Saturday, November 10, 2018

Mail bomb suspect indicted in New York

BROWARD COUNTY SHERIFF'S OFFICE
Cesar Sayoc, insert, and one of the homemade explosive devices that was sent through the U.S. mail.

CESAR ALTIERI SAYOC, aka Cesar Randazzo, aka Cesar Altieri, and aka Cesar Altieri Randazzo, 56, was charged today in a 30-count Indictment for mailing bombs to critics of Donald Trump.


After being transferred from Florida earlier this week, Sayoc and his attorney Sarah Baumgartel appeared in the New York courtroom of U.S. District Judge Jed Rakoff He is being held without bail.

Last month, Sayoc is suspected of mailing 16 improvised explosive devices to 13 people throughout the country including President Barack Obama, former Sec. of State Hillary Clinton, billionaire Richard Soros and California Sen. Kamala Harris. None of the bombs detonated.

If found guilty, the 56-year old Sayoc could receive a life sentence.

“Sayoc’s alleged conduct put numerous lives at risk. It was also an assault on a nation that values the rule of law, a free press, and tolerance of differences without rancor or resort to violence. Thanks to the diligent and determined work of our law enforcement partners here and across the country, it took just five days to identify and apprehend Sayoc and end his reign of terror. He now faces justice from a nation of laws,” said U.S. Attorney Geoffrey S. Berman for the Southern District of New York.

Between Oct. 22 and Nov. 2, the FBI and the U.S. Postal Service recovered 16 padded manila envelopes containing IEDs allegedly mailed by Sayoc from Florida to addresses in New York, New Jersey, Washington, D.C., Delaware, Atlanta and California. 

Sayoc’s alleged victims, listed alphabetically, were former Vice President Joseph Biden, Senator Cory Booker, former CIA Director John Brennan, former Director of National Intelligence James Clapper, former Secretary of State Hillary Clinton, CNN, Robert De Niro, Senator Kamala Harris, former Attorney General Eric Holder, former President Barack Obama, George Soros, Thomas Steyer, and Rep. Maxine Walters.

Each of the 16 envelopes allegedly mailed by Sayoc had similar features, including the return addressee “Debbie Wasserman Shultz” at an address in “Florids,” (sic) six self-adhesive postage stamps bearing the American flag, and address labels printed on white paper with blank ink in similar typeface and font size. Each of the 16 envelopes also contained an IED. The 16 IEDs also had similar features, including approximately six inches of PVC pipe packed with explosive material, a small clock, and wiring. Some of the IEDs also contained shards of glass. 

Preliminary analysis by the FBI has revealed forensic evidence linking 11 of the 16 mailings to Sayoc. Specifically, latent fingerprints on two of the envelopes have been identified to Sayoc, and there are possible DNA associations between a DNA sample collected from Sayoc prior to his arrest in this case and DNA found on components from 10 of the IEDs (including one of the IEDs that was mailed in an envelope from which a latent fingerprint identified to Sayoc was recovered).

The FBI arrested Sayoc in Plantation, Florida, on Oct. 26 – less than five days after the Oct. 22 recovery of the first IED, which Sayoc allegedly mailed to Soros in New York. The FBI seized a laptop from Sayoc’s van in connection with the arrest that contained lists of physical addresses that match many of the labels on the envelopes that Sayoc allegedly mailed. 

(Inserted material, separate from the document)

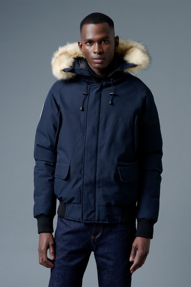 Capuz com pelo sintético amovível e atilhos de ajuste.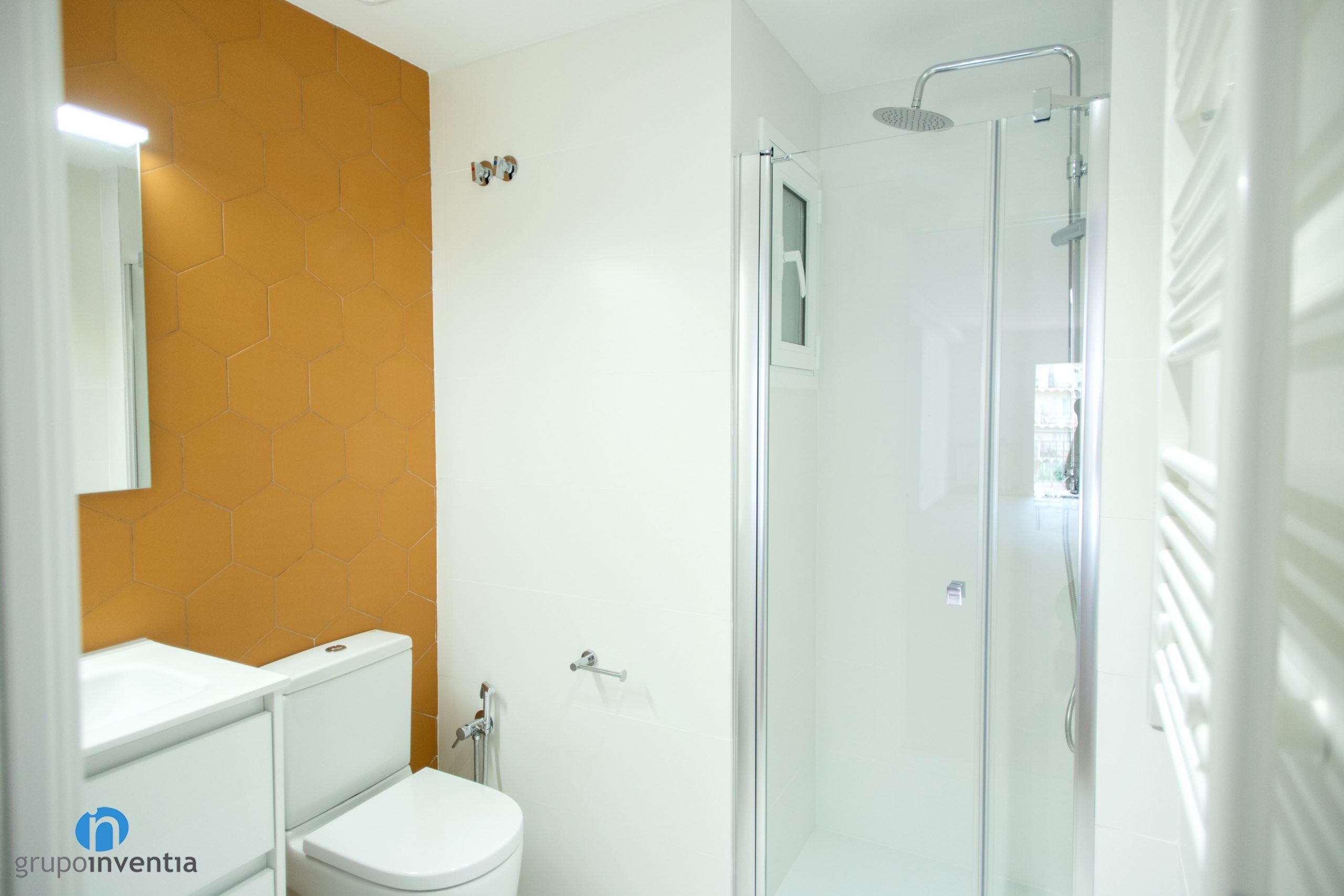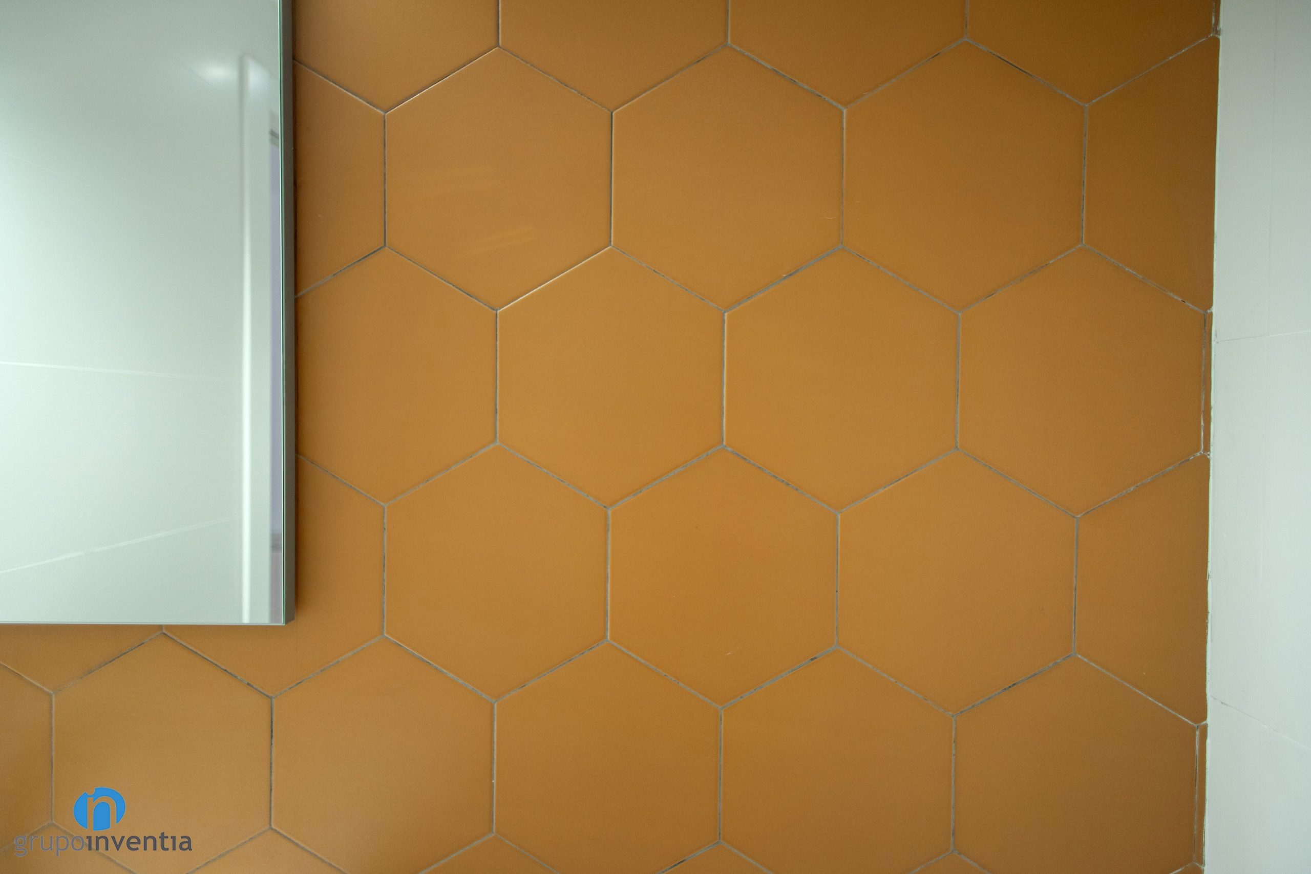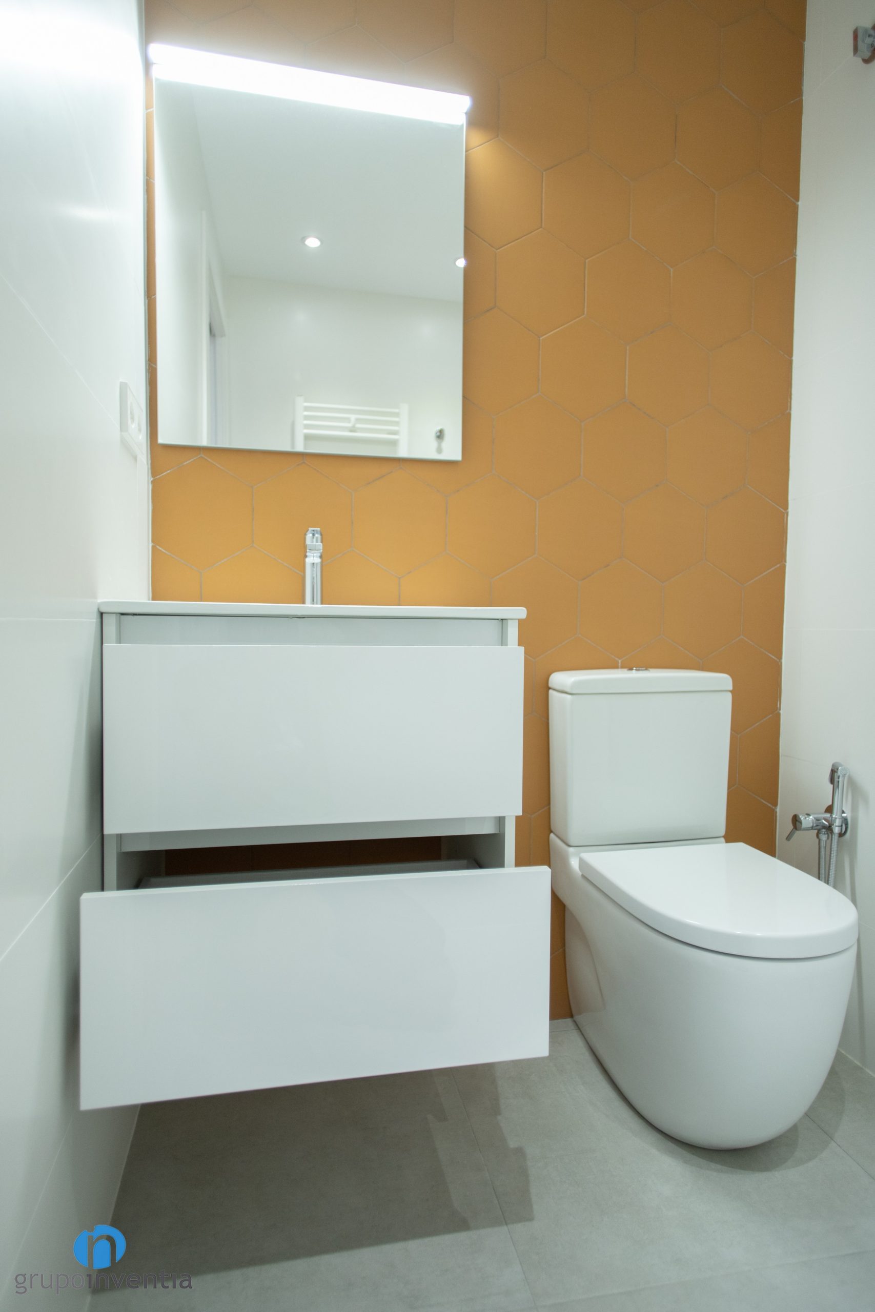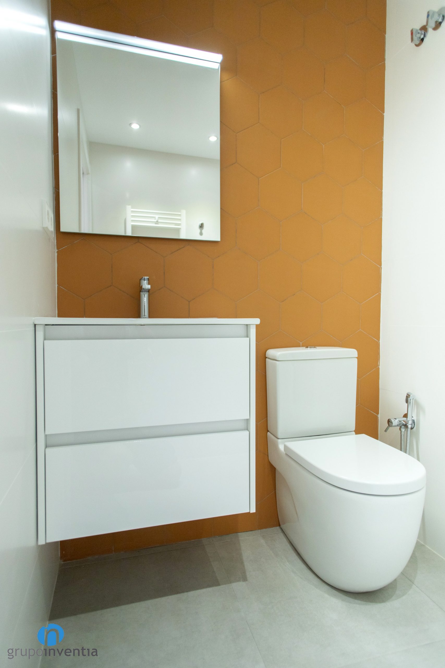 Les parets s’han enrajolat completament. Una diferència entre tots dos és que s’ha utilitzat un color diferent per enrajolar la paret del lavabo. Al bany principal s’ha apostat per rajoles hexagonals de color blau. Al bany de cortesia són de la mateixa manera, encara que de color taronja. Per al nou paviment s’ha escollit un terra de gres gris. Una combinació perfecta entre imatge i funcionalitat.

The lists were saved at a file path on the laptop that includes a variant of Sayoc’s first name: “Users/Ceasar/Documents.” A document from that path, titled “Debbie W.docx” and bearing a creation date of July 26, contained repeated copies of an address for “Debbie W. Schultz” in Sunrise, Florida, that is nearly identical, except for typographical errors, to the return address that Sayoc allegedly used on the packages. 

Sayoc's late father was from the Philippines who married a U.S. citizen. The suspected mail bomber's social media accounts made dubious claims of being a descendent of prominent individuals in the Philippines with the same last name. 

Authorities found a laptop in his van when he was arrested. In those same social media accounts, which have been deleted or blocked, there were pictures of him at pro-Trump rallies wearing the distinctive red MAGA cap.

He is estranged from his family and for the last several months, he reportedly was living out of his van while working as bouncer at a nightclub. The van was covered with pro-Trump decals and several pictures of people who received the mail bombs, several with the cross-hairs superimposed over them.